Precalculus (6th Edition) Blitzer

Published by Pearson
ISBN 10: 0-13446-914-3
ISBN 13: 978-0-13446-914-0

Chapter 1 - Section 1.8 - Inverse Functions - Exercise Set - Page 270: 47


See below:

Work Step by Step

(a) Consider the function: $f\left( x \right)={{\left( x+2 \right)}^{3}}$ Follow the steps to determine the inverse ${{f}^{-1}}\left( x \right)$ of the function $f\left( x \right)={{\left( x+2 \right)}^{3}}$. Step 1: Replace the function $f\left( x \right)$ with y in the equation of $f\left( x \right)$. $y={{\left( x+2 \right)}^{3}}$ Step 2: Interchange the variables x and y. So, the equation is: $x={{\left( y+2 \right)}^{3}}$ Step 3: Solve the equation for y. The variable y has to be isolated.
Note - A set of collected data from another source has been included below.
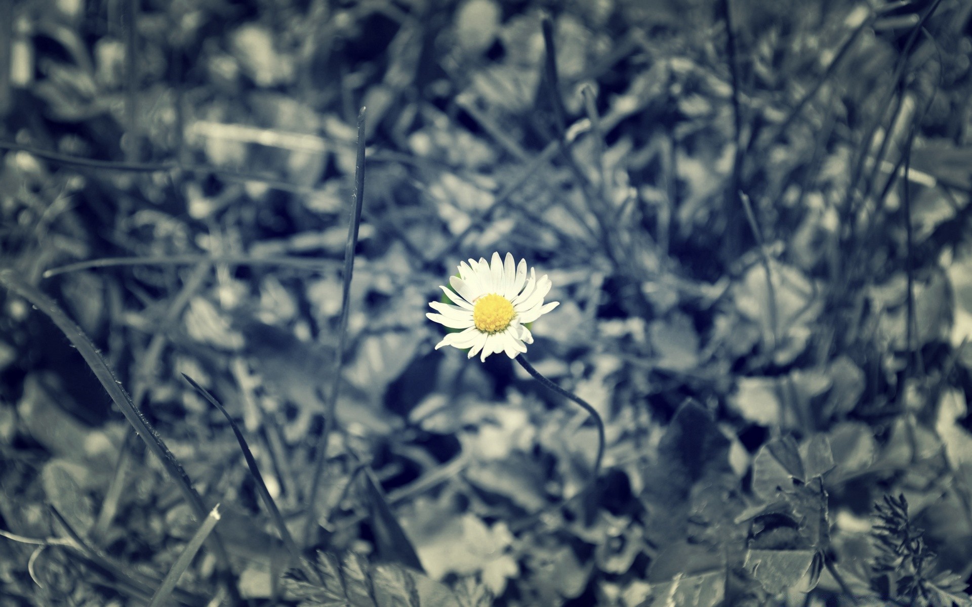 Einsame Kamille im grauen Gras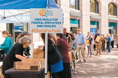 近日,在美国首都华盛顿,联邦雇员排队领取免费食物。因联邦政府“停摆”,大批联邦雇员不得不停薪休假或无薪上班。 |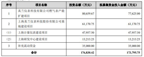 公告顯示,真蘭儀表首次公開發行人民幣普通股股票7,300.00萬股,每股發行價格為人民幣26.80元,募集資金總額為人民幣195,640.00萬元,扣除各項發行費用后,募集資金凈額為人民幣185,776.96萬元。公司募集資金投資項目投資總額及募集資金投入金額情況如下: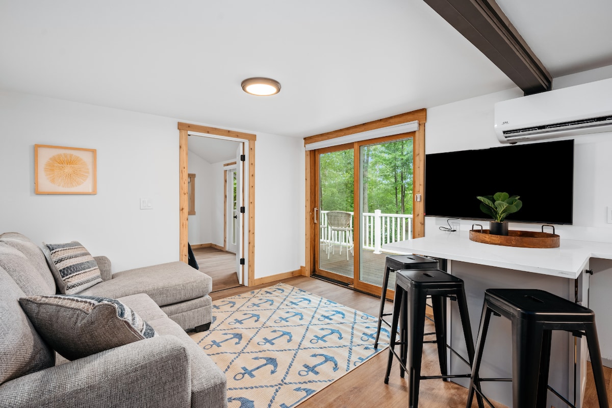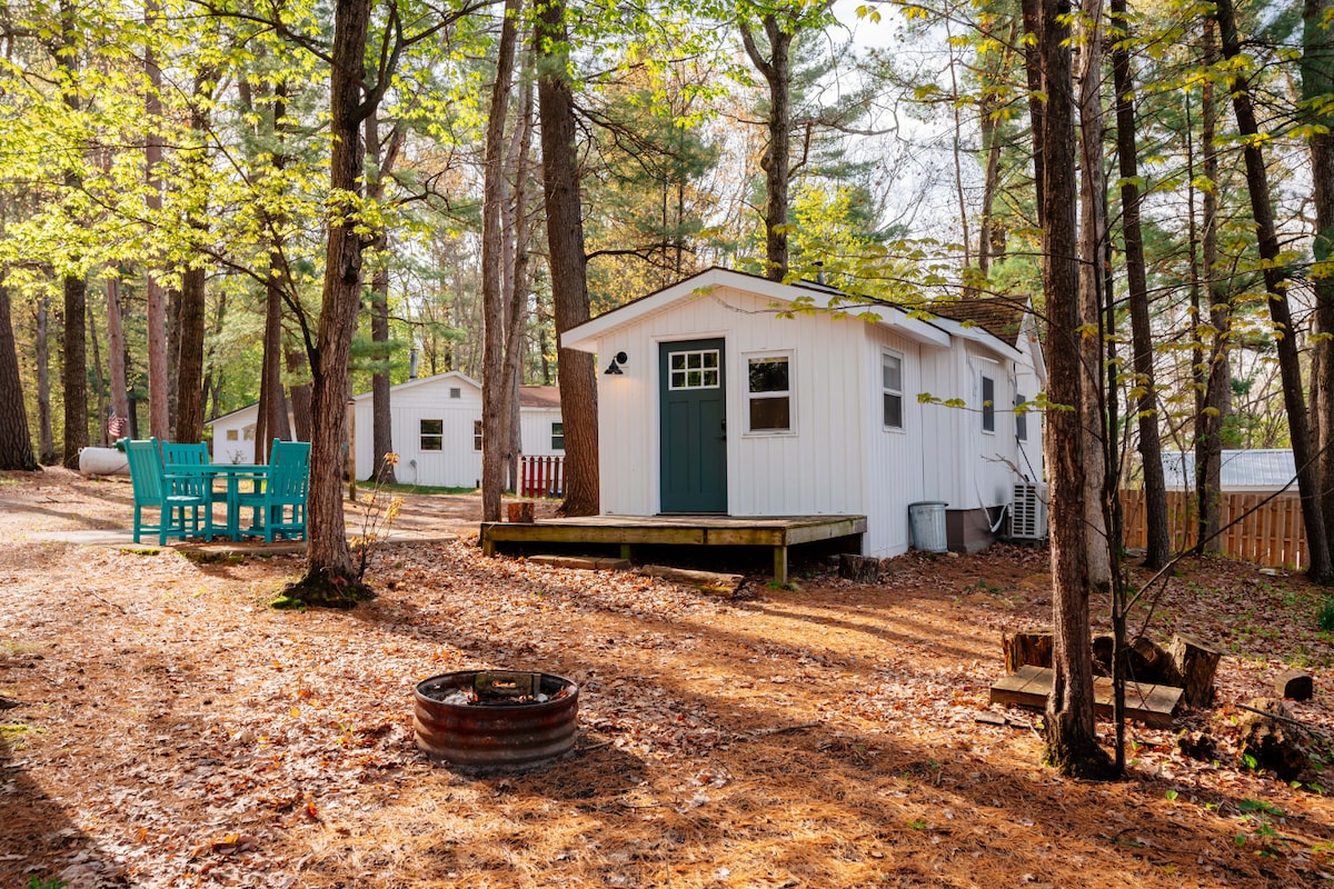 Welcome to our private Tiny Villa! It is completely stocked with dishes, cookware, gas grill, beach chairs, towels, wifi, fire pit etc… Tucked away overlooking the pond, it’s a perfect place to relax after a day of activity. An easy 20 minutes to Traverse City where you can go to the beach, shop or enjoy many excellent restaurants. Firewood available on site & have the following to RENT: Pontoon, kayaks, & paddle boards ( Contact H2O Sports Rentals to book these items or message us)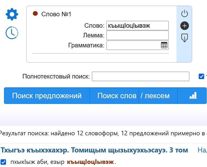 Впрочем, морфологическая сложность слов, а также вариативность в написании требует и более изощренных способов поиска, чем простое задание конкретных форм. Кабардино-черкесский корпус позволяет поиск по словам, содержащим заданные части, то есть некоторые последовательности символов, которые могут представлять собой корни, префиксы, суффиксы и их сочетания. Простейшие инструменты для этого – символы * и ?. Символ * замещает любую последовательность символов (включая пустую, то есть их отсутствие): запрос *къыткIэ* даст примеры со словоформами къыткIэщIодэIухь, зыкъыткIэращIэ и т.д., поскольку во всех них есть последовательность къыткIэ. Символ ? замещает один ненулевой символ. Соответственно, запрос къы?кIэ* покажет среди прочих примеры къыткIэщIодэIухь, къыскIэлъысащ, къыпкIэрех, “вставляя” один символ в последовательности символов къы_кIэ. Специально отметим, что символом является один знак, и буквы-диграфы и триграфы (например, щI, кIу) понимаются как последовательности нескольких символов. Легко также сообразить, что обозначение ?* будет замещать любую ненулевую последовательность символов.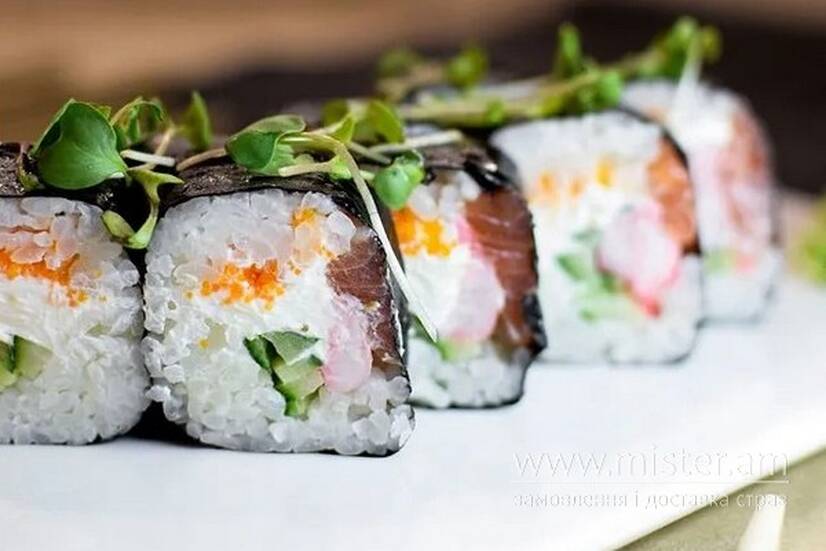 Рис, норі, тигрова креветка маринована лосось, сир Філадельфія, огірок, ікра Тобіко.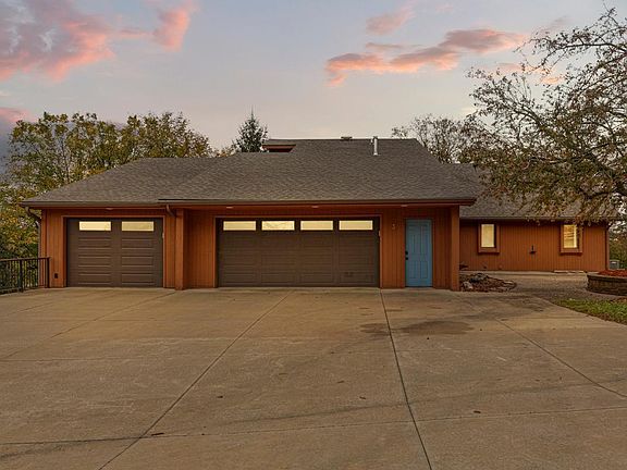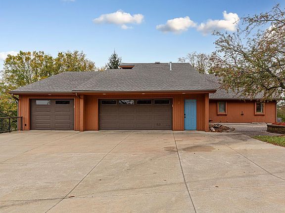 Fantastic One-of-a-Kind Property in a Desired Location! This exceptional, custom designed 5 bedroom 5 bathroom contemporary walkout ranch is perfectly placed on .79 acres which includes nice landscaping, mature trees, fenced backyard, two decks, patio, privacy, a huge heated 3 car garage, and options for outdoor adventure. Step inside to enjoy the beautiful hardwood floors that flow to an open concept living/dining area and connect to the large sunroom. The spacious kitchen with granite countertops and center island lead into the living room highlighted by a gas fireplace with built-ins around. The main level also includes a generous primary suite with private bath, two additional bedrooms, ½ bath, full bath, plus a convenient laundry area. The lower level boasts a large family room with gas fireplace, second kitchen, second laundry room, second primary suite with private bath, full bath, additional bedroom, second sunroom, and versatile recreation room that provides direct access to the concrete patio. Additional highlights include a new roof 2025, water softener 2024, water heater 2023, and more!
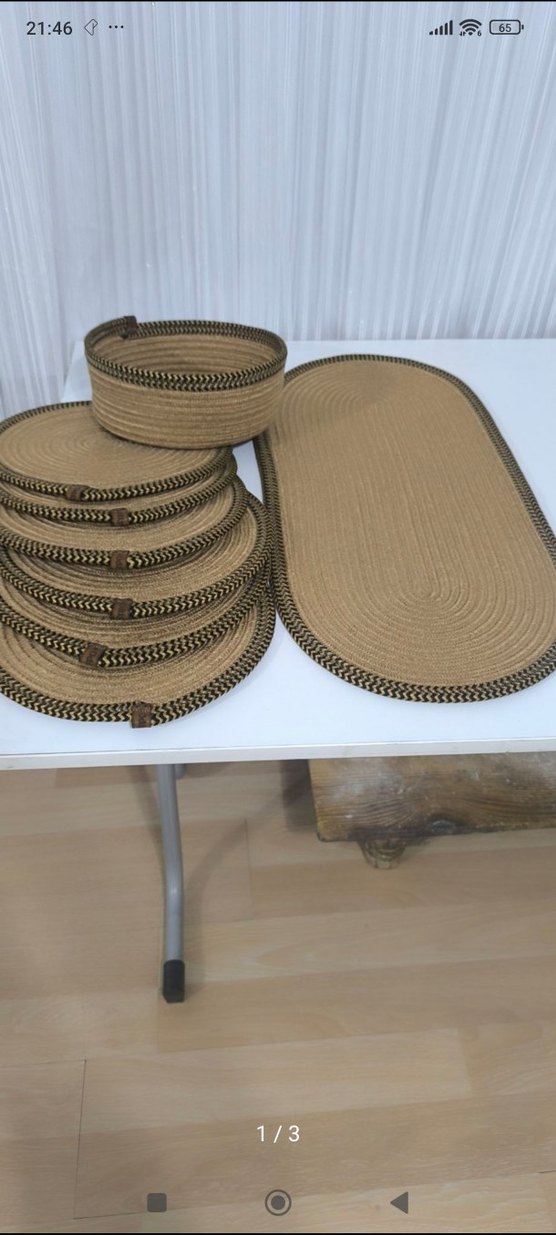 Bohem tarzı kahverengi hasır Amerikan servis seti, doğal malzemelerden üretilmiş rustik görünümlü.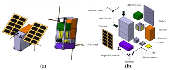 Exterior view (a) and exploded view (b) of the preliminary design for L2-CalSat. ADCS is the Attitude Determination and Control System, referred as AOCS in the text. PDU is the Power Distribution Unit.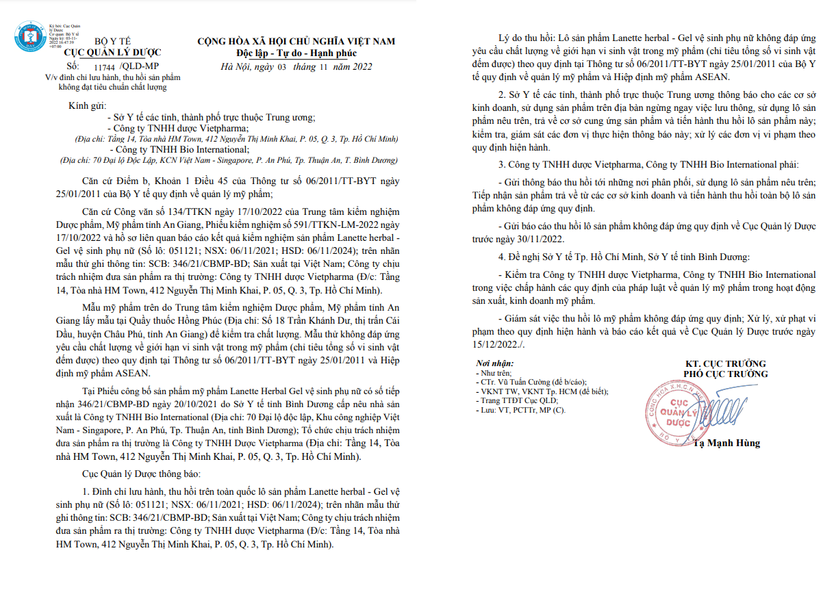 Cục quản lý Dược đã nhận được công văn của Trung tâm kiểm nghiệm Dược phẩm, Mỹ phẩm tỉnh An Giang, Phiếu kiểm nghiệm số 591/TTKN-LM-2022 ngày 17/10/2022 và hồ sơ liên quan báo cáo kết quả kiểm nghiệm sản phẩm Lanette herbal - Gel vệ sinh phụ nữ (Số lô: 051121; NSX: 06/11/2021; HSD: 06/11/2024); trên nhãn mẫu thử ghi thông tin: SCB: 346/21/CBMP-BD; Sản xuất tại Việt Nam; Công ty chịu trách nhiệm đưa sản phẩm ra thị trường: Công ty TNHH dược Vietpharma (Đ/c: Tầng 14, Tòa nhà HM Town, 412 Nguyễn Thị Minh Khai, P. 05, Q. 3, Tp. Hồ Chí Minh).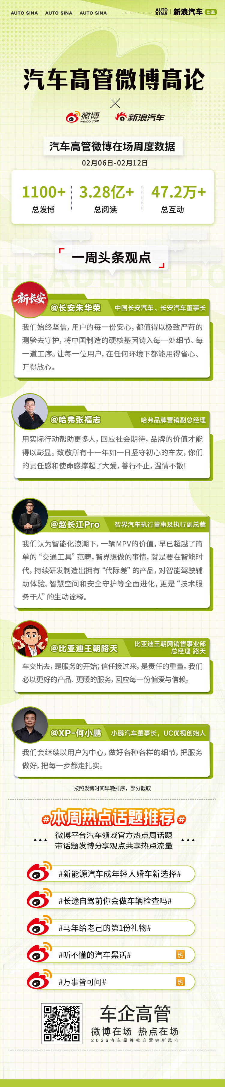 将智能技术转化为温暖体验,让汽车成为承载用户情感与信任的同行伙伴。汽车高管微博高论,省流速览微博一周高管精彩观点!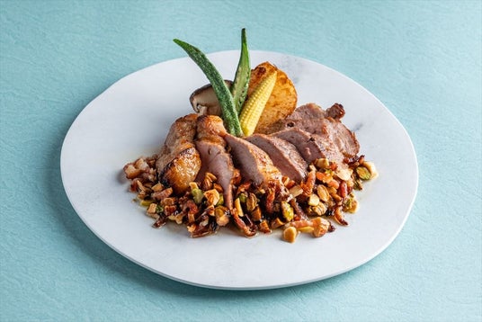 国産豚肩ロース肉の炭焼き ピスタチオとナッツのザクザクソース 2,000円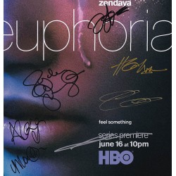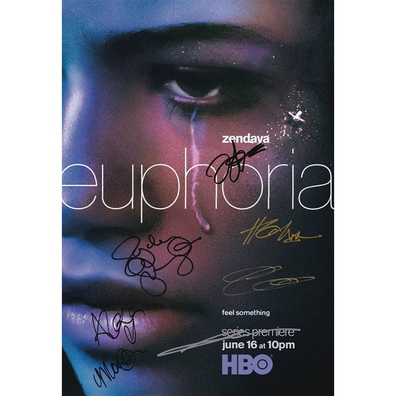 Television memorabilia autographed by Zendaya, Hunter Schafer, Jacob Elordi, Sydney Sweeney, Alexa Demie, Maude Apatow, and Eric Dane.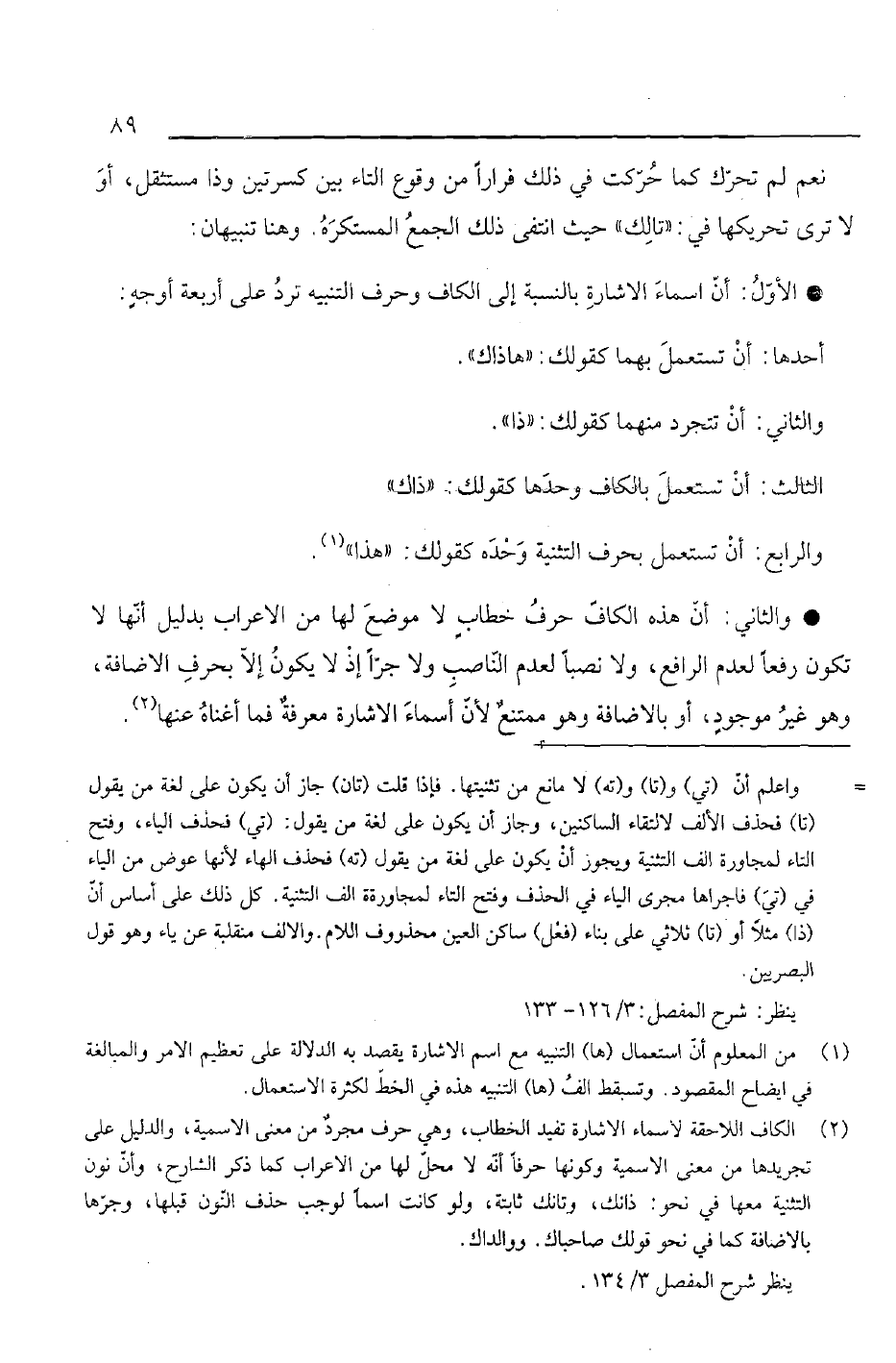 - والثاني: أن هذه الكاف حرف خطاب لا موضع لها من الإعراب بدليل أنها لا تكون رفعا لعدم الرافع، ولا نصبا لعدم الناصب ولا جراً إذ لا يكون إلا بحرف الإضافة، وهو غير موجود، أو بالإضافة وهو ممتنع لأن أسماء الإشارة معرفة فما أغناه عنها.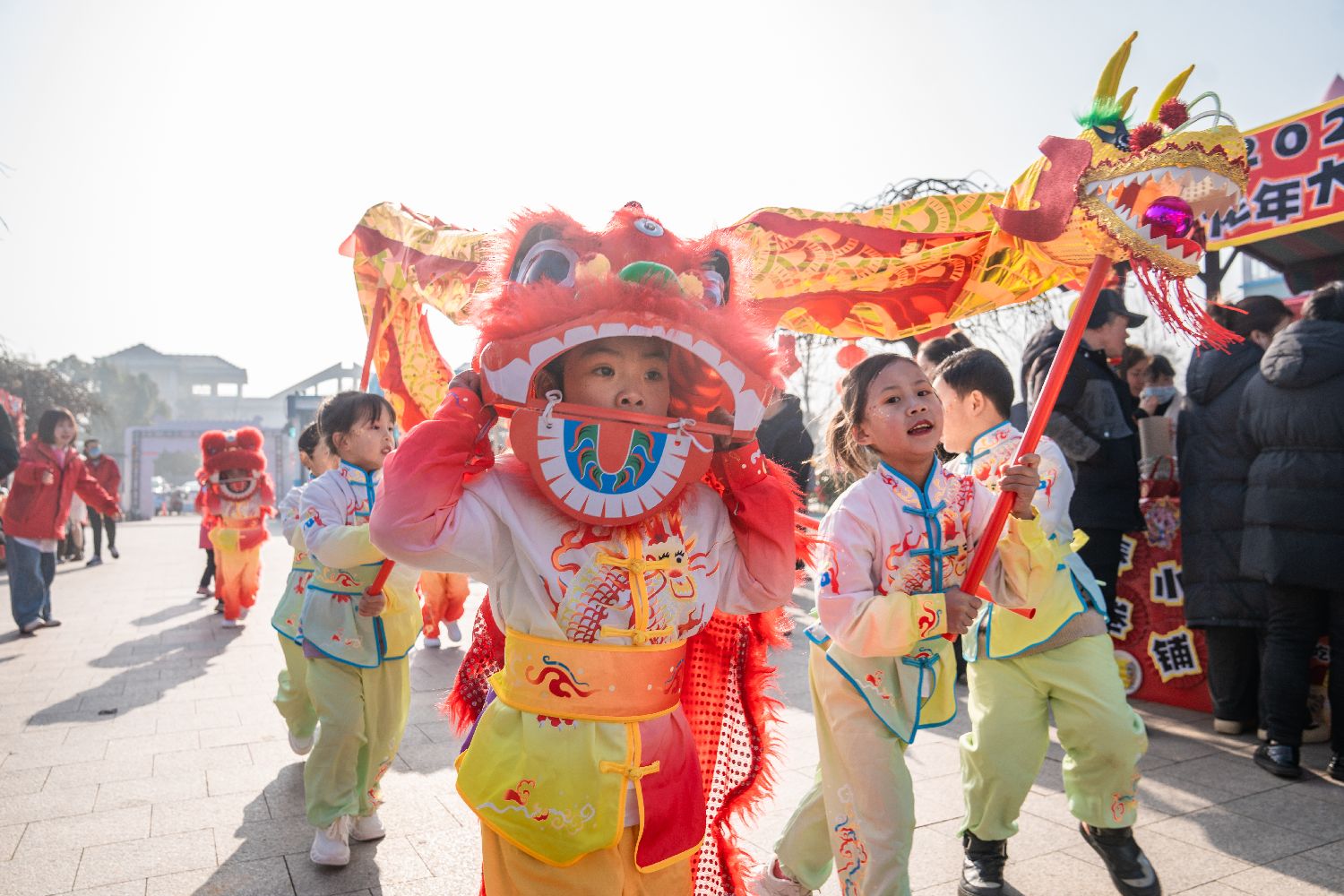 1月11日,浙江省湖州市长兴县煤山镇中心幼儿园内,小朋友们正在看表演、逛庙会。当日,煤山镇中心幼儿园举办“赏民俗 过大年”民俗文化集市活动,为小朋友搭建了一个逛庙会、赶大集的年文化平台,让小朋友们近距离感受到投壶、舞龙狮、写对联等中国传统年味的浓厚传统文化魅力。图为1月11日,小朋友们在庙会上进行舞龙表演。(中新社)

As $\sqrt[3]{{{y}^{3}}}=y$ , take cube root on both sides of the equation. So, the equation becomes, ${{\left( x \right)}^{{1}/{3}\;}}={{\left( {{\left( y+2 \right)}^{3}} \right)}^{{1}/{3}\;}}$ Simplify the powers. So, $\sqrt[3]{x}=y+2$ Subtract $2$ from both sides of the equation and simplify. $\begin{align} & \sqrt[3]{x}-2=y+2-2 \\ & \sqrt[3]{x}-2=y \\ \end{align}$ The equation is $y=\sqrt[3]{x}-2$. Because the obtained equation defines y as a function of x, then the inverse function exists for the function f. Step 4: Replace y by ${{f}^{-1}}\left( x \right)$ in the equation obtained in step 3. Thus, the inverse function${{f}^{-1}}\left( x \right)$ is obtained as, ${{f}^{-1}}\left( x \right)=\sqrt[3]{x}-2$ Therefore, the inverse function is ${{f}^{-1}}\left( x \right)=\sqrt[3]{x}-2$. (b) Given above. (c) The domain and range of the functions in interval notation are: \[\begin{align} & \text{domain of }f=\text{range of }{{f}^{-1}}=\left( -\infty ,\infty \right) \\ & \text{range of }f=\text{domain of }{{f}^{-1}}=\left( -\infty ,\infty \right) \end{align}\]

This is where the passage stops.